M. R-— Rotundamente no. En Cataluña el terrorismo no puede arraigar ni arraigará.

H. L.— La clase militar es especialmente sensible en lo referente a la unidad de España. ¿Cómo, se

encuentran en una comunidad autónoma como Cataluña?

M. R.— Yo no creo que los militares sean más sensibles que yo respecto a la unidad de España. Las

relaciones son muy normales y tranquilas. No hay ningún tipo de problema superior a los que puedan

tener en otros puntos de España.

H. L.— ¿Cree factible la configuración del mapa político español en dos bloques: UCD, CD y minorías,

frente a PSOE, PCE y PAD?

M. R.— Creo que sería un grave error. Por eso la misión que le corresponde à un partido como el nuestro

es la de tender puentes de contacto. No hay mayorías naturales propiamente dichas. Ahora bien, lo que sí

es necesario es formar unas mayorías alrededor de un programa coherente y que éste se ejecute.

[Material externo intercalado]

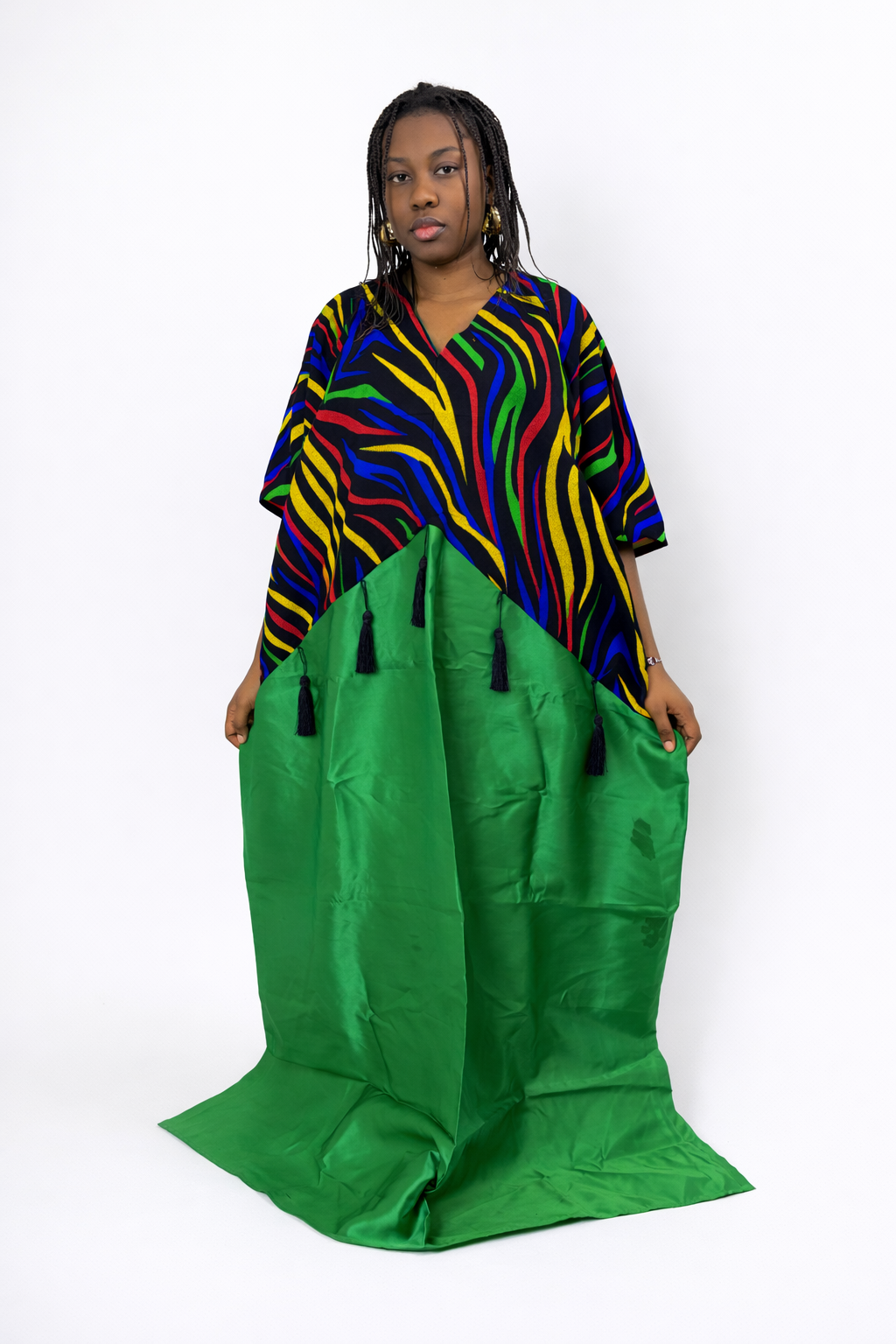 Elevate your wardrobe with a piece that defines “maximalist elegance.” This striking floor-length gown features a high-contrast V-neck bodice adorned with a vibrant, multi-colored zebra motif in primary hues. The design transitions into a sweeping emerald green skirt with a unique chevron seam, highlighted by delicate black tassels for added movement and texture. Perfect for high-profile events or luxury lounging, this kaftan is a masterclass in bold color-blocking.
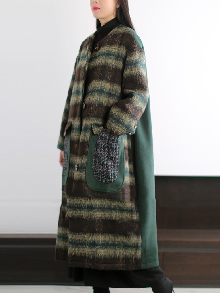 Women Vintage Winter Stripe Spliced Cocoon-shaped Woolen Overcoat
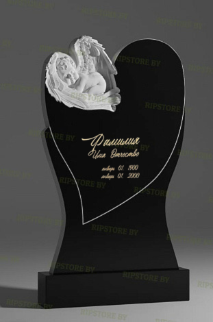 Скульптурный памятник СС-28 сразу привлекает внимание плавный контур в форме сердца, выполненный из глубокого черного камня. В верхней части композиции изящно расположена фигура ангела, который трепетно обнимает младенца. Контраст светлого и темного оттенков усиливает впечатление нежности и подчеркивает бережное отношение к памяти об ушедшем человеке.

H. L.—¿Ve la participación de vascos y catalanaes en el futuro Gobierno?

«Somos una nación»

M. R.— Es imprescindible. Ahora bien, el Gobierno nos tiene que invitar. Creo que el día que un partido

catalanista forme parte del Gobierno de España se habrá dado un paso muy importante hacia el

entendimiento entre Cataluña y el resto del Estado.

H. L.— Acaba de publicar un libro en el que se ofrece una «propuesta catalanista para la modernización

del Estado». ¿Considera que hasta ahora no se ha ido en ese camino?

M. R.— No Creo que se va sin dirección, y esto es lo dramático. Hace falta fijar unas bases que den

sentido y coherencia a la acción de gobierno. Esto no se hace.

H. L.— ¿Aquí o en el Parlamento catalán?

M. R.— En la política hay que especializarse, y a mí me ha tocado la política española. Estaré aquí hasta

que me jubilen o me saquen.

H. L.— Qué le dicen la palabra y frases siguientes: «Separatismo», «Somos una nación» y «Ni Francia ni

España, países catalanes».

M. R.— Separatismo, lo mismo que a cualquier ciudadano de Avila. Somos una nación; es una frase que

digo constantemente y no puedo dejar de decir. La nación catalana es una nación dentro de la nación

española. En cuanto a lo último, dejemos que lo diga quien quiera; yo digo Cataluña y España.